It is designed to deliver a maximum payload to low-Earth orbit of 64 tonnes – the equivalent of putting five London double-decker buses in space.

Such performance is slightly more than double that of the world’s next most powerful rocket, the Delta IV Heavy – but at one third of the cost, says Mr Musk.

For this experimental and uncertain mission, however, he decided on a much smaller and whimsical payload – his old cherry-red Tesla sports car.

A space-suited mannequin was strapped in the driver’s seat, and the radio set to play David Bowie’s classic hit Space Oddity on a loop.

…Two came back to touchdown zones on the Florida coast just south of Kennedy; the third booster was due to settle on a drone ship stationed several hundred kilometres out at sea.

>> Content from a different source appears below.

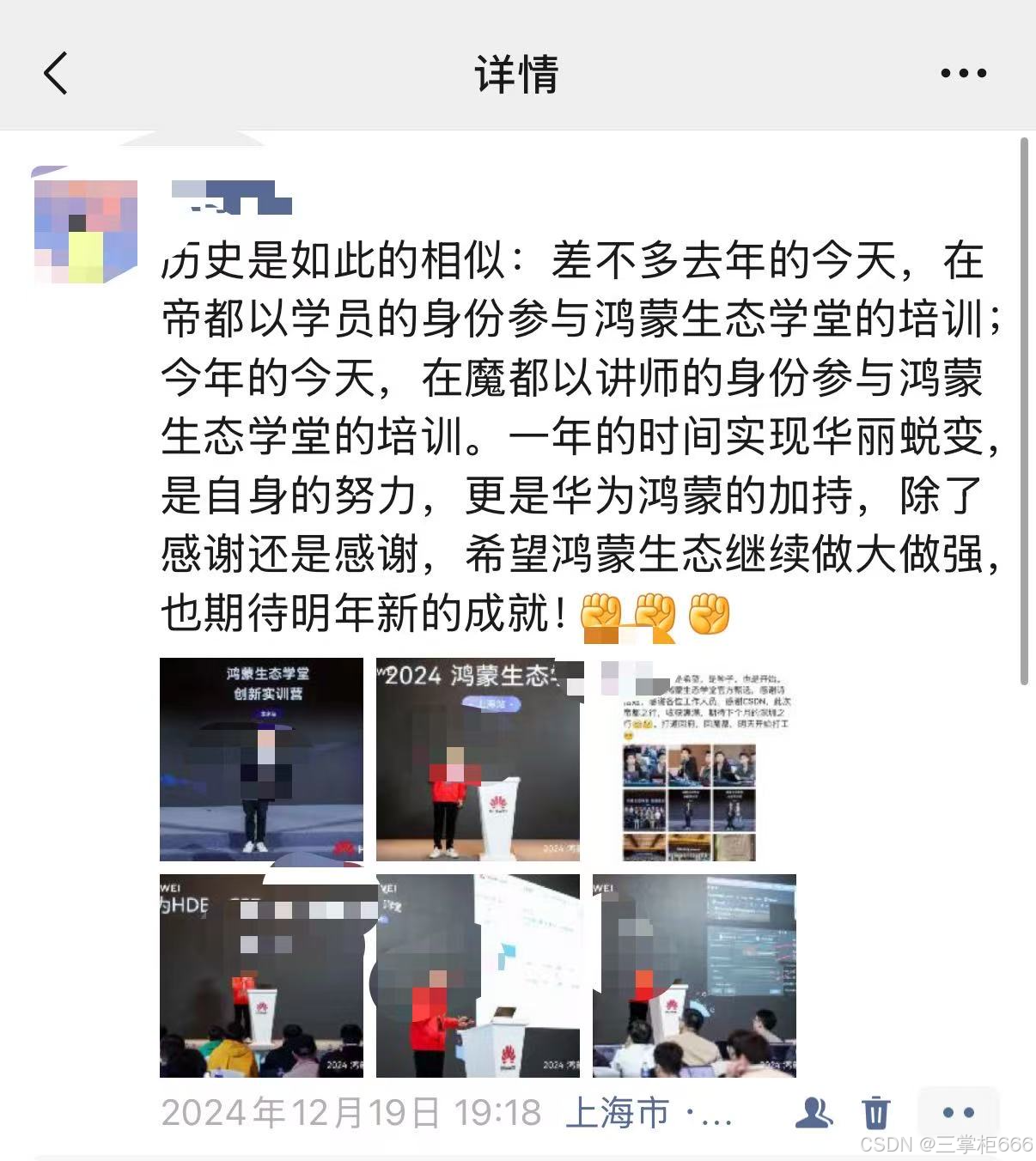 有意思的是,在2024年年底的时候,笔者有幸作为鸿蒙生态的分享嘉宾,参与了204鸿蒙生态学堂在上海站的实训,这是鸿蒙官方对我个人的认可和信任,我也是从一个鸿蒙学习使用者蜕变为专业的鸿蒙领域布道者,二者的跨度正好一年时间,非常有纪念意义。

During the launch, the video signal from the drone ship was lost, so the fate of the third booster is not yet clear.

(14) FRESH CYBERPUNK. Speculiction’s Jesse Hudson finds a winner: “Review of Graft by Matt Hill”

Cyberpunk is now roughly forty years old.  With relevant works from writers like James Tiptree Jr. and John Brunner appearing in the 60s and 70s, it coalesced into a recognizable trend in the early 80s—the four decades since having seen a full exploration of the idea of ‘cyberpunk’ through hundreds of stories and books.  Thus, in 2016, how does a writer do something original with the form?  With its imagery and characters, settings and ideas well established, there is probably only one way: deliver unique prose combined with a competent package.  Matt Hill, in his 2016 Graft, does precisely this….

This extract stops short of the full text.